#### Given information:
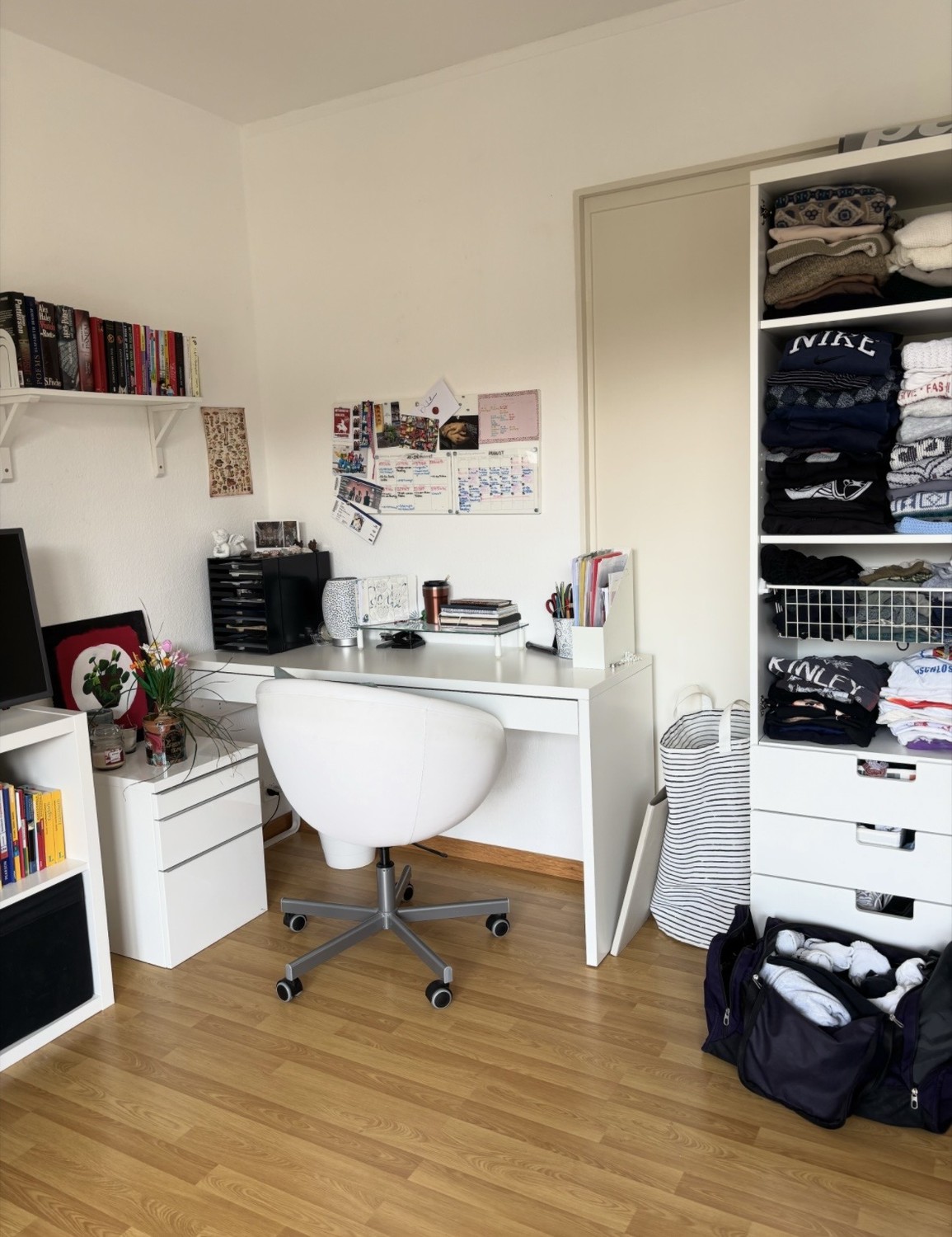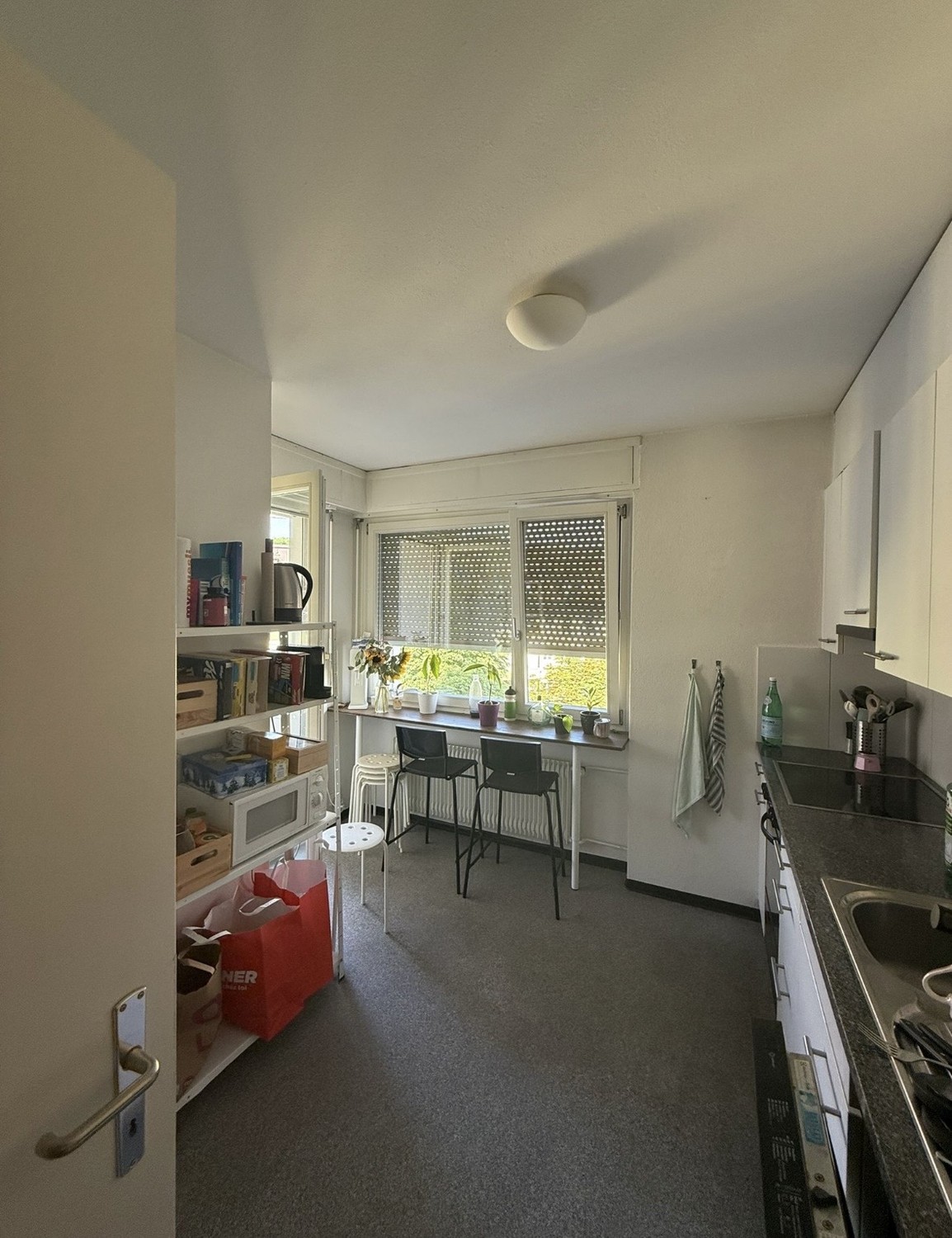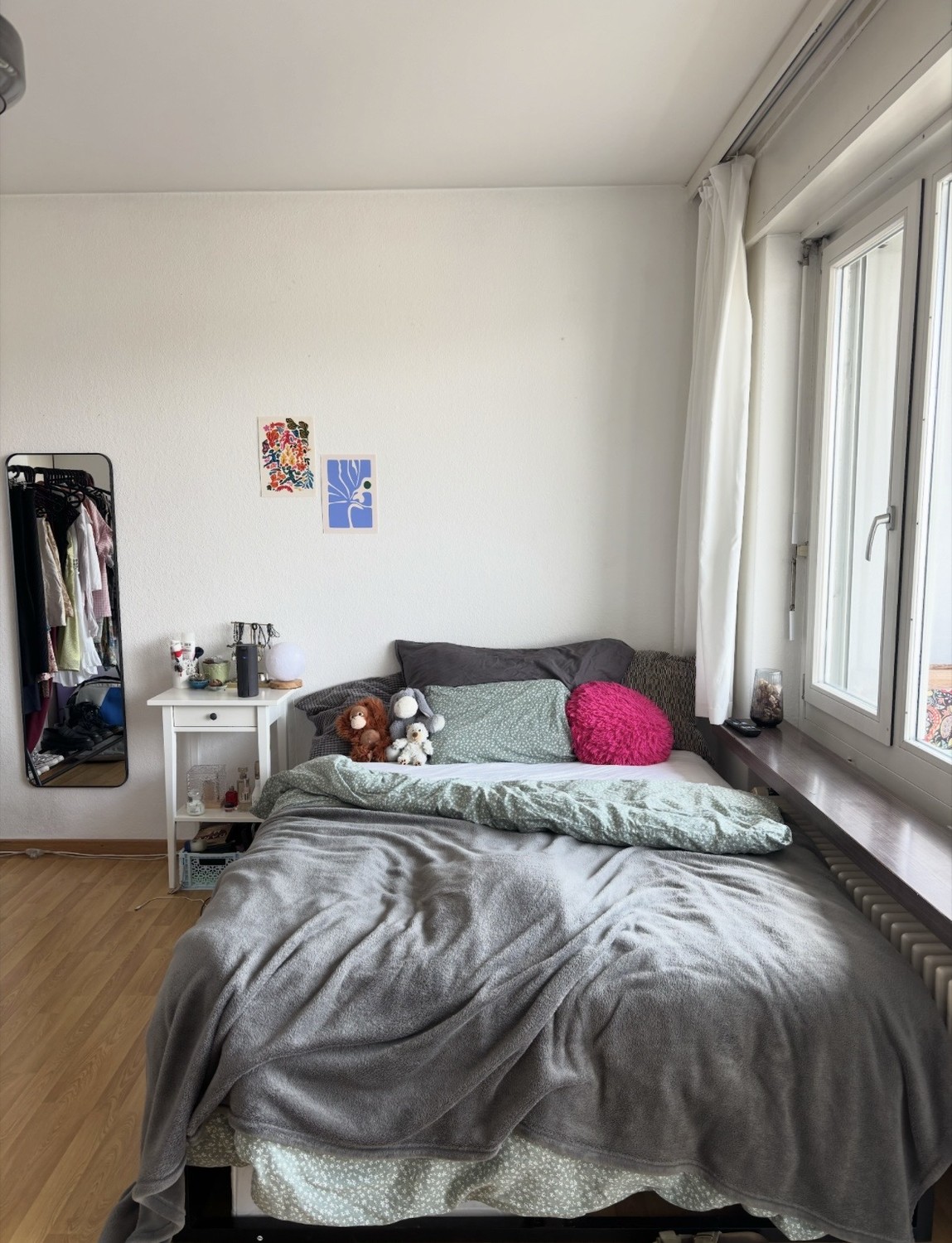 Das Zimmer ist ca. 16qm2 gross und durch das grosse Fenster sehr hell. Es ist Teil einer 5 Zimmerwohnung im 4. Stock (mit Lift), welche zusätzlich zu den vier Zimmern ein grosses Wohnzimmer sowie eine Küche, Badezimmer (zwei Lavabos und Badewanne) und ein zusätzliches separates WC hat. Zudem verfügt die Wohnung über ein Kellerabteil und zwei Balkone, wovon einer zur gemeinsamen Nutzung offensteht. Dort lässt es sich besonders schön in der Abendsonne gemeinsam Znacht essen.
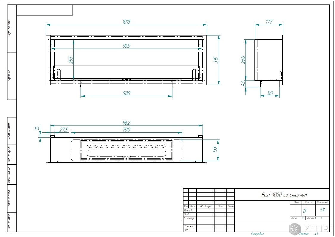 Биокамин встраиваемый Fest 1000 со стеклом (Estetic Flame)
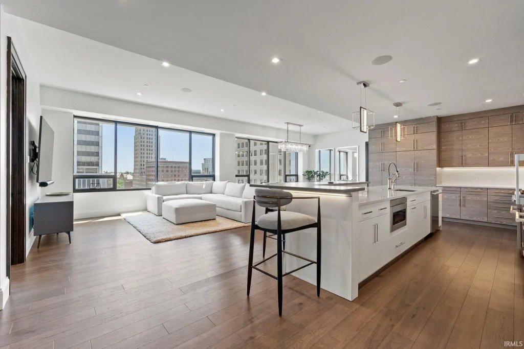 Start Showing Date: 11/5/2025 Listed coming soon. Showings may begin on November 5th.Elevate your lifestyle in this exquisite 7th-floor condo in the heart of downtown Fort Wayne. Featuring 2 bedrooms and 2.5 baths, this home combines modern elegance with city living. The open-concept layout boasts high ceilings, a wet bar, and ample cabinetry complimented by upgraded Miele appliances. Every room offers sweeping city views with remote-controlled shades for comfort and convenience. The keyed secured elevator will take you to the condo, roof top terrace, and the private gym. There is a community entertaining area perfect for hosting gatherings with friends and family. Sophisticated finishes, stunning views, and prime downtown location make this condo a rare opportunity for refined urban living.
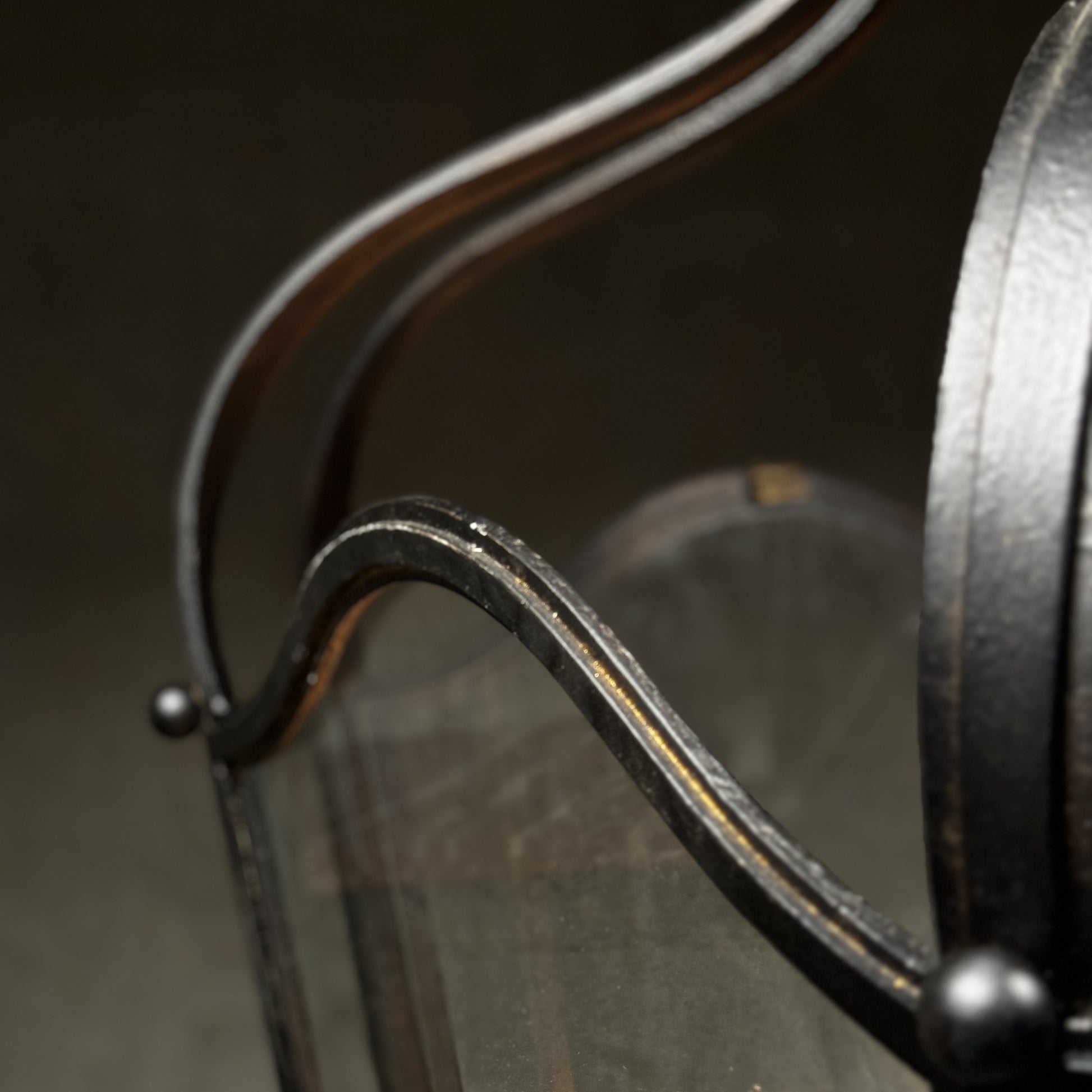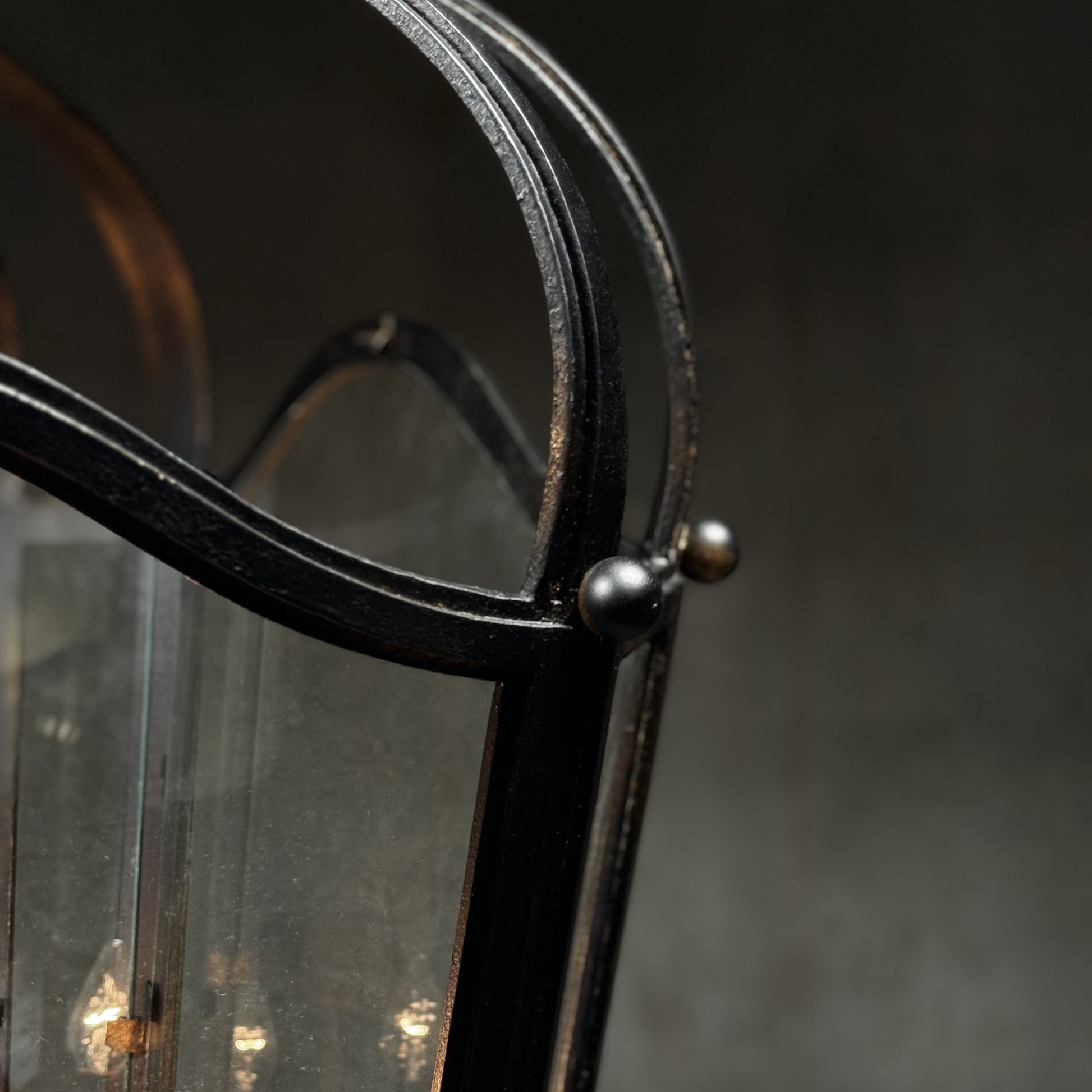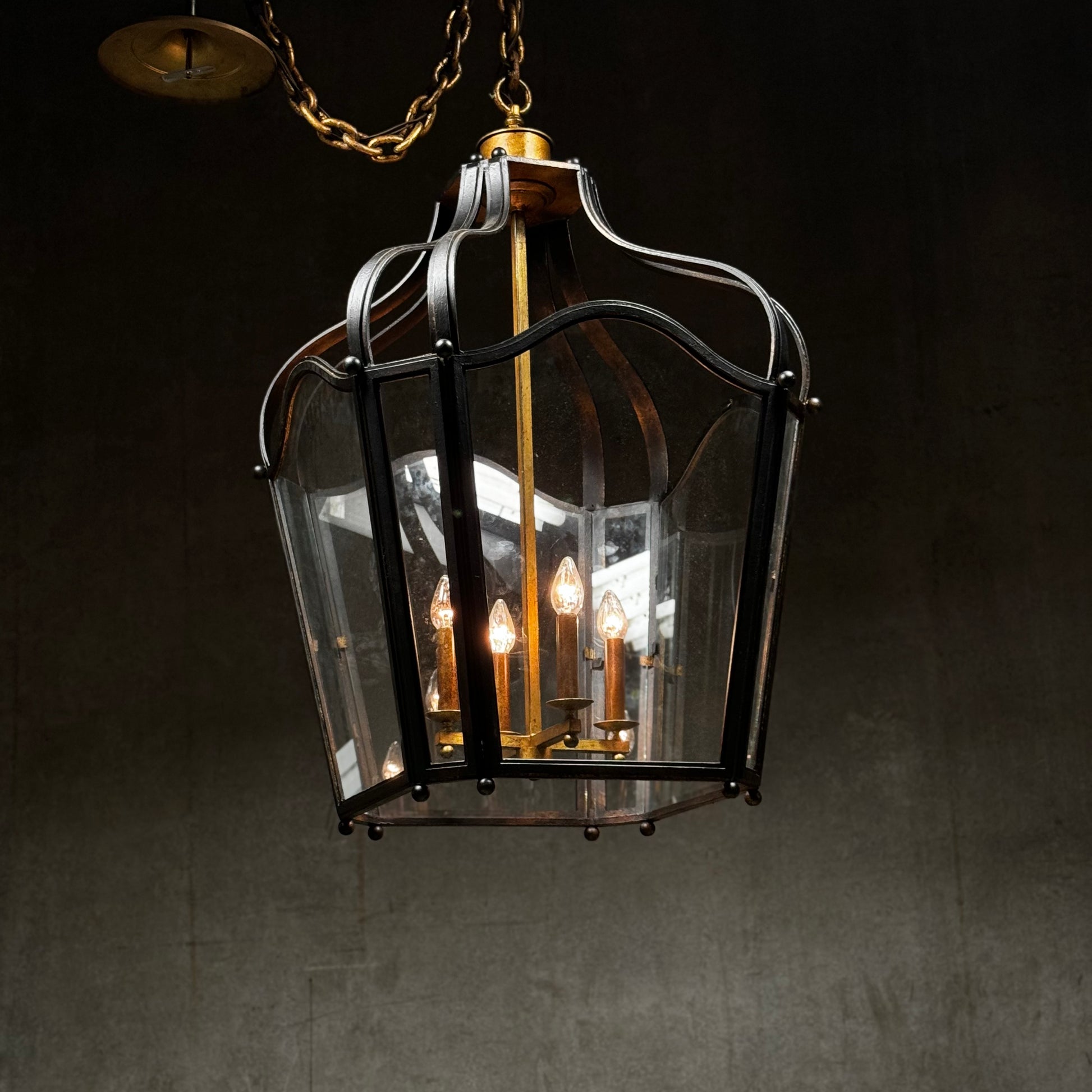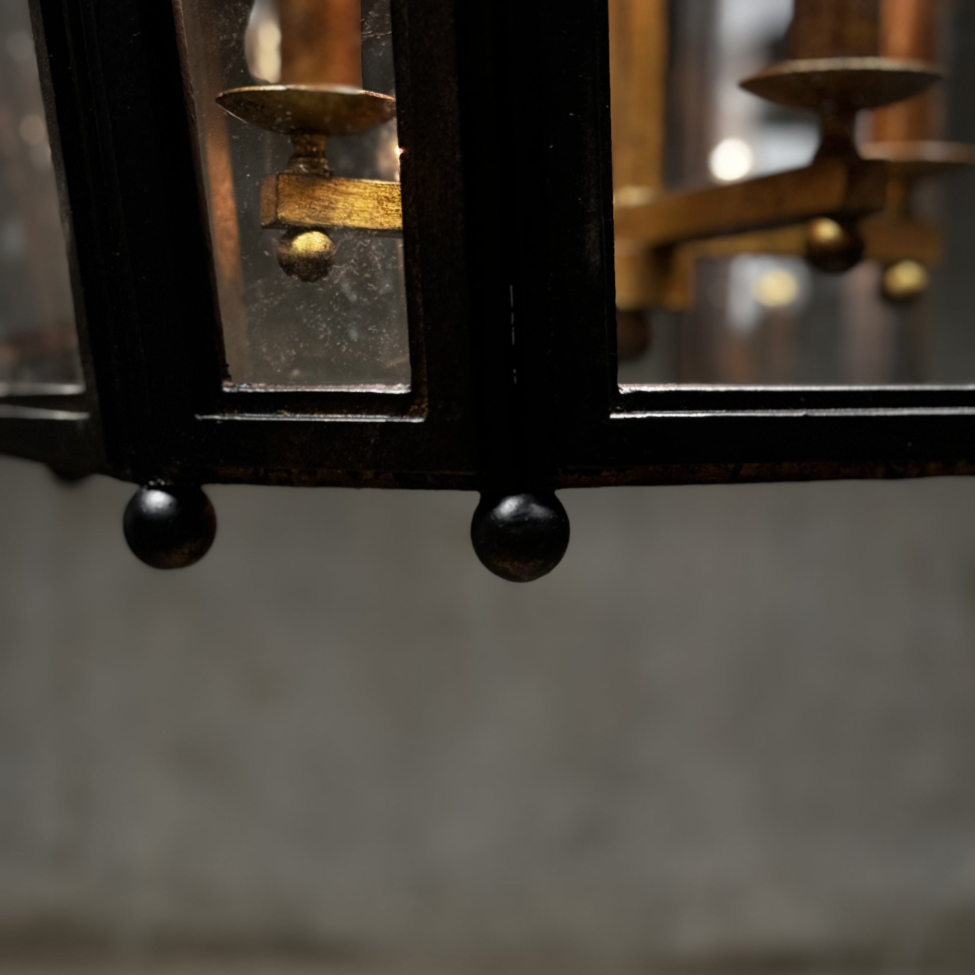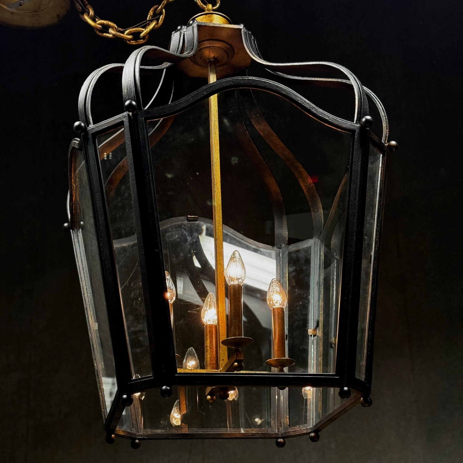 20th century Very large heavy bronze impressive foyer fixture in ebonized finish with gilded accents.

#### Work task:
The reply should consist only of the lines from the top of the material above through the line with "Биокамин встраиваемый Fest", printed exactly, pictures omitted.

#### Task output:
 Das Zimmer ist ca. 16qm2 gross und durch das grosse Fenster sehr hell. Es ist Teil einer 5 Zimmerwohnung im 4. Stock (mit Lift), welche zusätzlich zu den vier Zimmern ein grosses Wohnzimmer sowie eine Küche, Badezimmer (zwei Lavabos und Badewanne) und ein zusätzliches separates WC hat. Zudem verfügt die Wohnung über ein Kellerabteil und zwei Balkone, wovon einer zur gemeinsamen Nutzung offensteht. Dort lässt es sich besonders schön in der Abendsonne gemeinsam Znacht essen.
 Биокамин встраиваемый Fest 1000 со стеклом (Estetic Flame)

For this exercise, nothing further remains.